All papers described above assume that the PBS operates with a centralized control system. The next sub-section presents papers assuming decentralized control systems, where the information is requested and passed on-demand from one cell to another, rather than collecting all the information on a centralized system.
2.2 Decentralized PBS
The main advantage of decentralized control PBS is the ability to develop plug-and-work modules that serve as grid cells. Notice that centralized controls require connecting each cell to a central decision support system. Furmans et al. (2010) describe new plug-and-work material handling systems that operate using decentralized decisions, including a PBS. Mayer and Furmans (2010) and Gue et al. (2014) describe PBS systems consisting of modularized conveyor-units (equivalent to grid cells) that make decentralized decisions to handle loads while avoiding deadlocks. Similar systems are studied by Krühn et al. (2010) and Krühn et al. (2016) in terms of using decentralized controls based on the status of neighboring modules and developing algorithms to detect and avoid deadlocks. Furmans et al. (2013) extend the work of Gue et al. (2014) by introducing an adapted control algorithm to manage a PBS and prevent deadlocks when a conveyor module fails.

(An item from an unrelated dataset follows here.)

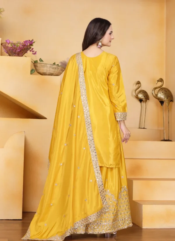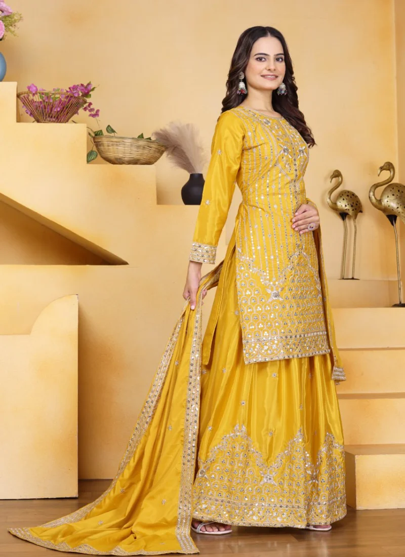 This Yellow Silk Embroidered Salwar Suit is a flattering wardrobe essential that blends premium fabric, polished detailing, and easy wearability.

Gue and Uludag (2012) and Shekari Ashgzari and Gue (2021) study PBS for picking operations where each cell may contain totes with multiple loads (i.e. mixed totes). Seibold et al. (2013) focus on using PBS to sort goods under different layouts, assuming a constant work in process (WIP), while Sohrt et al. (2014) incorporate time-windows for PBS used for sorting.
Shirazi and Zolghadr (2021) present an algorithm that allows replenishments from all sides of the PBS grid. Assuming the number of requested loads remains constant, the authors conclude via simulation that depending on the grid size and the number of requested loads, increasing the number of escorts might make the retrieval process more complicated. Alahmad and Ishii (2021) use an A* algorithm to, among other things, demonstrate that square grids perform better than other rectangular shapes. He et al. (2023) use a deep reinforcement algorithm for the multi-load PBS retrieval problem with multiple escorts and randomly placed I/O points.
Other authors have proposed decentralized control for shuttle-based PBS. Alfieri et al. (2012) introduce a version of a shuttle PBS that uses a limited number of Automated Guide Vehicle (AGV) tractors to facilitate rack movements. In their system, the AGVs are not dedicated to the cells, which provide some of the benefits of PBS, without investing too much in automation. Schwab (n.d.) introduces a decentralized control algorithm, LivePath, designed for PBS (referred to as GridFlow systems) operated by AGVs to handle large loads. Instead of relying on path reservations, each AGV determines its next move based solely on the current system state, using a set of priority-based rules to keep the system free of both deadlocks (circular waiting) and livelocks (circular movement). LivePath demonstrated suitable throughput when evaluated against a centralized benchmark, using a mixed-integer programming MIP formulation capable of computing optimal movement sequences for single-AGV scenarios. Trenkle et al. (2013) describe an autonomous system consisting of several individual vehicles that mimic PBS. Gue (2016) propose a PBS for handling containers at a rail-to-rail hub for the Physical Internet (PI or π). Sohrt and Overmeyer (2020) study a routing algorithm designed for decentralized and controlled modular conveyors synchronized through the network, with the aim to reserve routes by exchanging messages. Seibold et al. (2022) present a decentralized controls system based on the principle of logical time.
Furmans and Gue (2018) provide a general framework for material handling modules, which can store relevant information, contributing to decision-making, and then controlling the execution of these decisions.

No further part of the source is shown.